▼
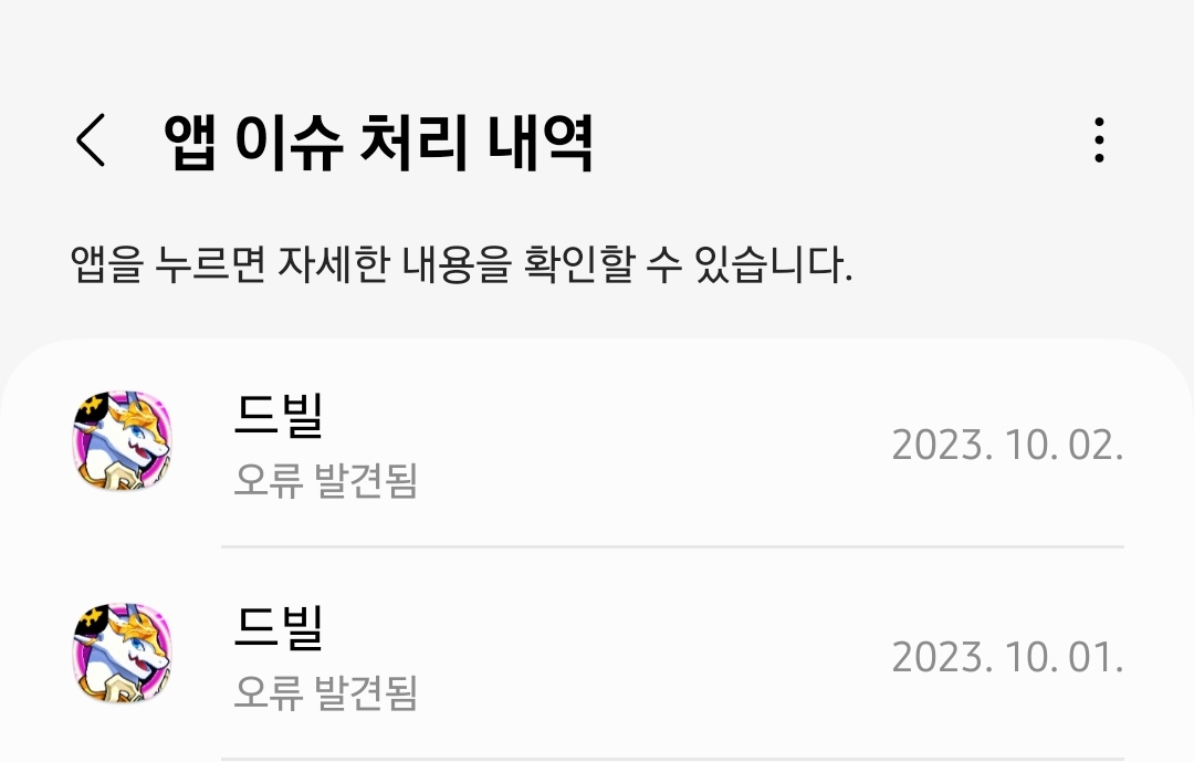 그리고 이렇개 폰자체내 기능에서 앱이슈처리내역에 드빌이 여럿 기록이 되어있었습니다
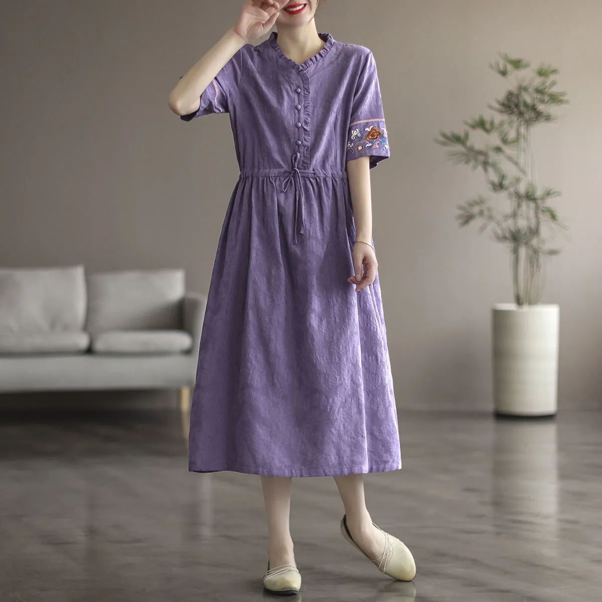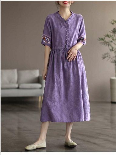 收腰抽繩顯瘦棉麻中長款連衣裙【加400元得2件!】【紫色】+【藍色】各一件
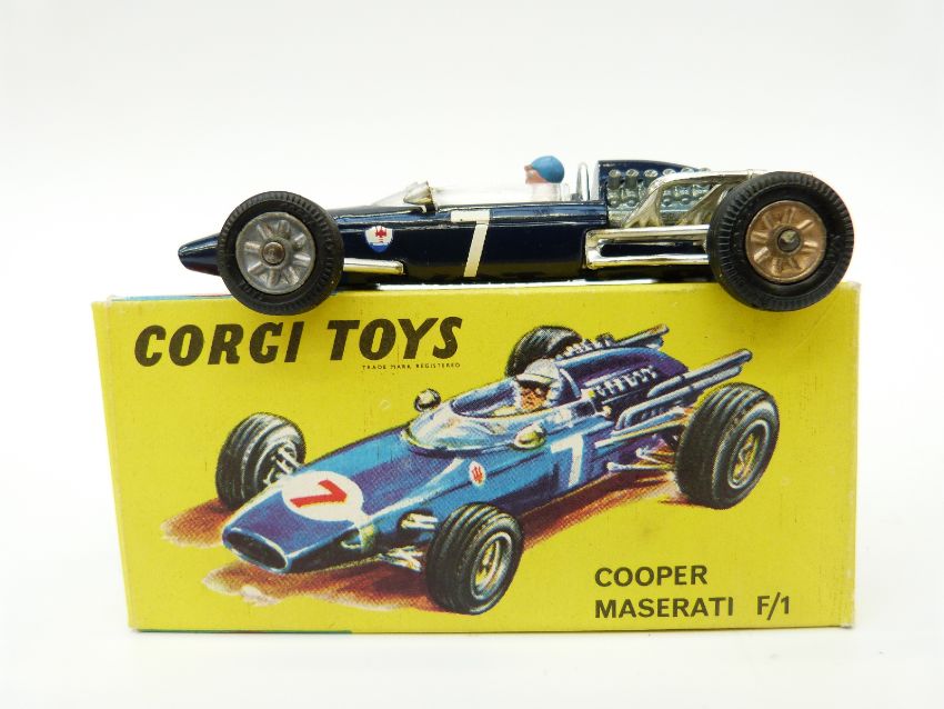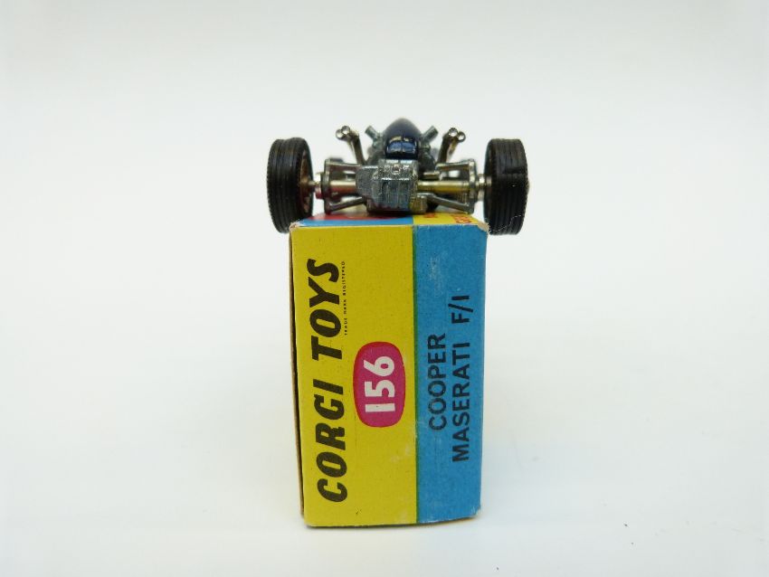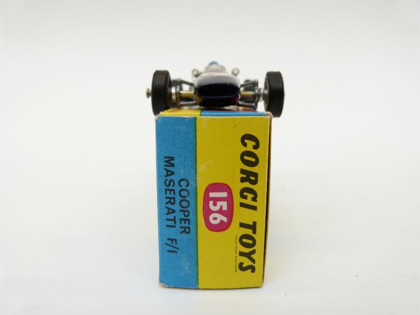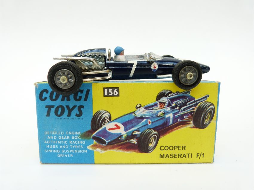 Corgi Toys diecast model Cooper Maserati F/1 with blue body, white driver and racing number 7, 156 in original box
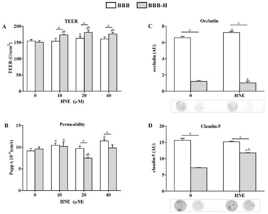 Markers of BBB integrity and permeability measured on BBB and BBB-H model. (A) TEER values of both models under HNE treatment (0, 10, 20, 40 µM). (B) Permeability of sodium fluorescein for both BBB models under HNE treatment (0, 10, 20, 40 µM). (C) Occludin and (D) claudin-5 changes in RbE4 cells of both BBB models at control conditions (0) and 20 µM HNE treatment, assessed by dot-blot. Signal intensities were analyzed with NIH ImageJ and represented as arbitrary units (AU). All results are represented as mean ± SD, n = 12 samples for each group from 4 independent experiments. a—statistically significant in respect to control (0) on pure collagen, p < 0.05; b—statistically significant in respect to control (0) on modified collagen, p < 0.01; c—statistically significant between groups of same treatment, p < 0.01.
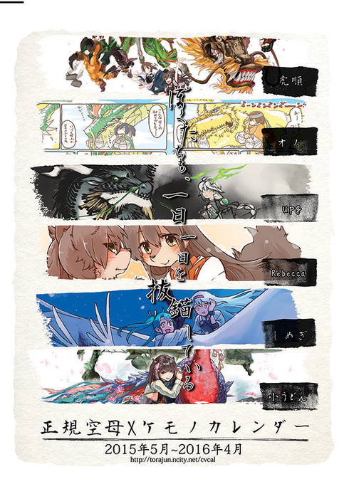 [宣伝]「ぼくらも一日一日を抜錨している」https://t.co/KAfR3VO5Yh 正規空母の起工、浸水、竣工、沈没、除籍日が書かれているA2サイズの正規空母Xケモノカレンダーです。よろしくお願いいたします!
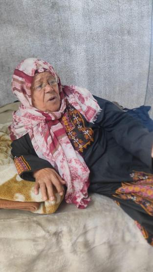 ولا تستطيع الحاجة فاطمة السير على أقدمها، لتستخدم أدوات مساعدة للتحرك ولو لأمتار قليلة في طريقها لقضاء حاجتها أو الجلوس على باب الخيمة على الأقل، كما تشتكي من قلة الغذاء والدواء خاصة للأمراض المزمنة.
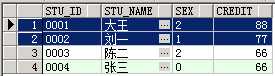 merge into student_temp t1 using (select stu_id, stu_name, sex, credit from student) t2 on (t1.stu_id = t2.stu_id and t2.stu_id = ‘0001‘) when matched then update set t1.credit = t2.credit;
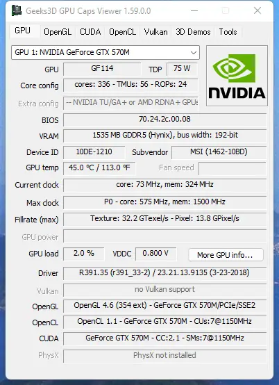 - Полная информация о драйверах, OpenGL, OpenCL и CUDA.
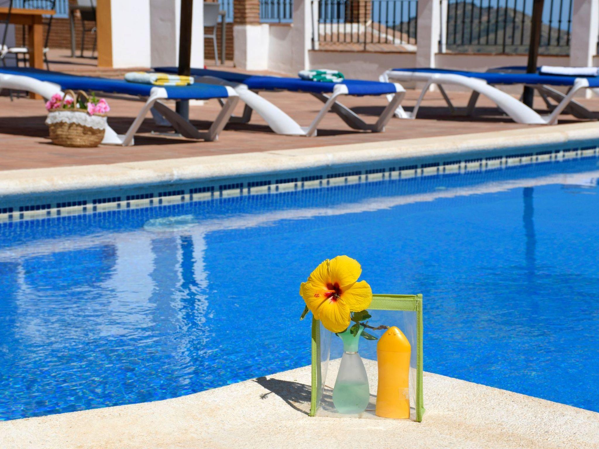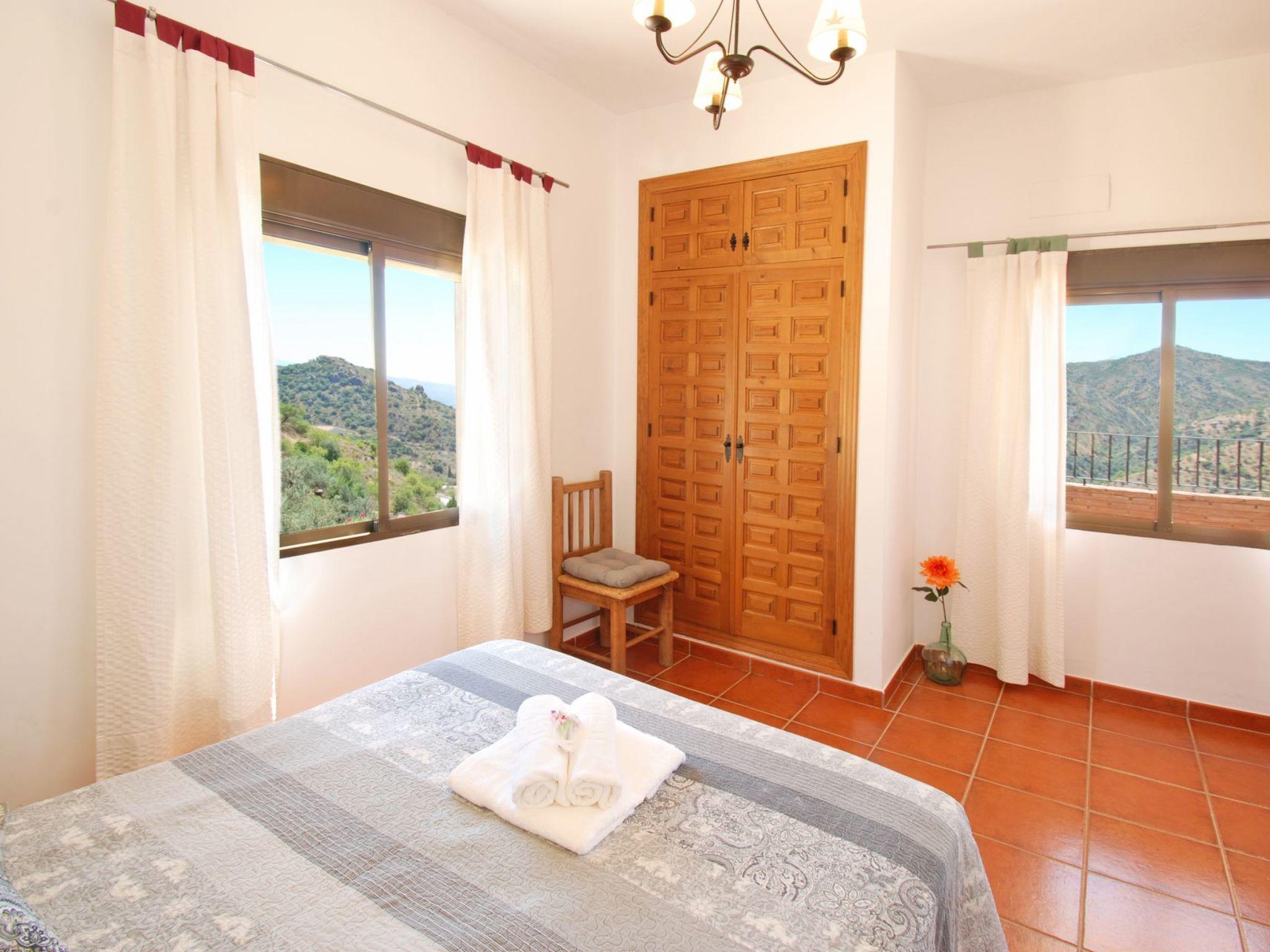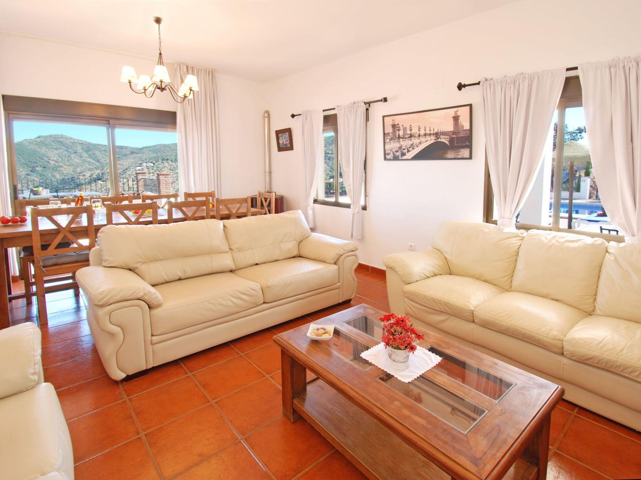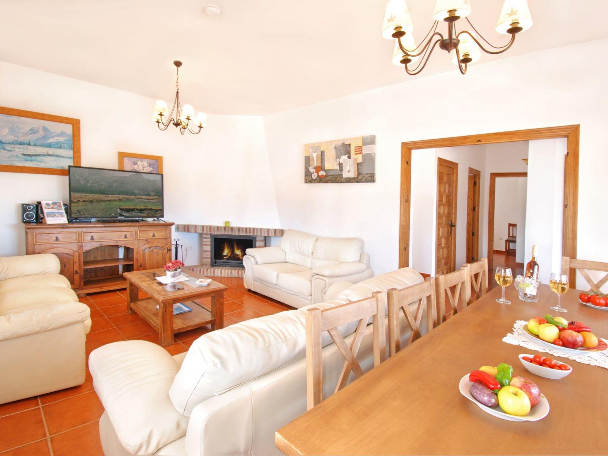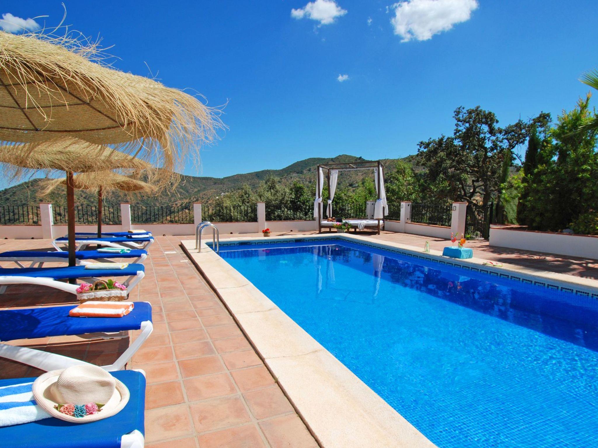 Dans un emplacement exceptionnel au milieu des amandiers et des oliviers et avec une vue magnifique sur les montagnes, la villa est située sur une route de campagne, avec une courte distance de la route de la maison. C'is a house with a beautiful pool and lovely terraces, some shaded for alfresco dining. There is also a kitchen of'été en plein air. Tous avec des vues fantastiques. La maison est bien équipée et meublée à un excellent niveau. Torre del Mar est la plage la plus proche et est à environ 30 minutes en voiture. Il a une plage attrayante et une promenade où vous trouverez des bars, des restaurants et des divertissements pour adultes et enfants. Pedregalejo, à 5 km à l'west of Malaga city centre, is another popular beach and promenade with many bars and restaurants. Nerja with its famous caves and stunning views of the Mediterranean are about 1 hour away, and the journey along the coastal road from Nerja to Comares is superb!
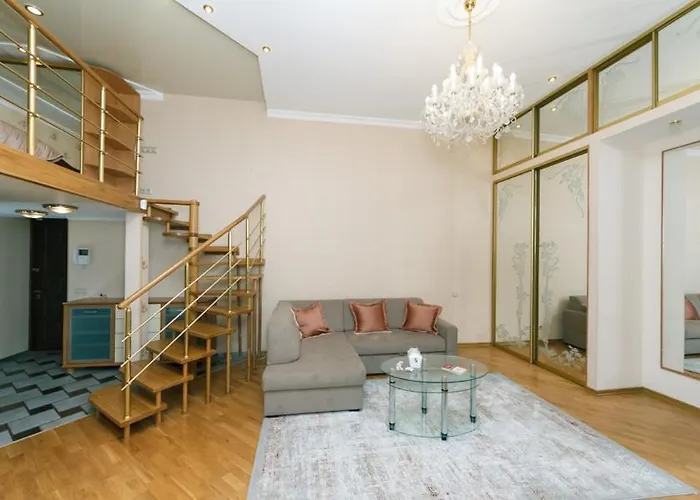 The 0-room Stylish Two-Level Flat 2 Min From Khreschatyk lies a 14-minute walk from Hetman Bohdan Khmelnitsky Monument and just a 5-minute stroll from Khreshchatyk tube station.
▲
Exercise:
Exactly as written, reproduce the lines from the beginning of the material through the line with "Corgi Toys diecast", and skip any picture.

Task solution:
 그리고 이렇개 폰자체내 기능에서 앱이슈처리내역에 드빌이 여럿 기록이 되어있었습니다
 收腰抽繩顯瘦棉麻中長款連衣裙【加400元得2件!】【紫色】+【藍色】各一件
 Corgi Toys diecast model Cooper Maserati F/1 with blue body, white driver and racing number 7, 156 in original box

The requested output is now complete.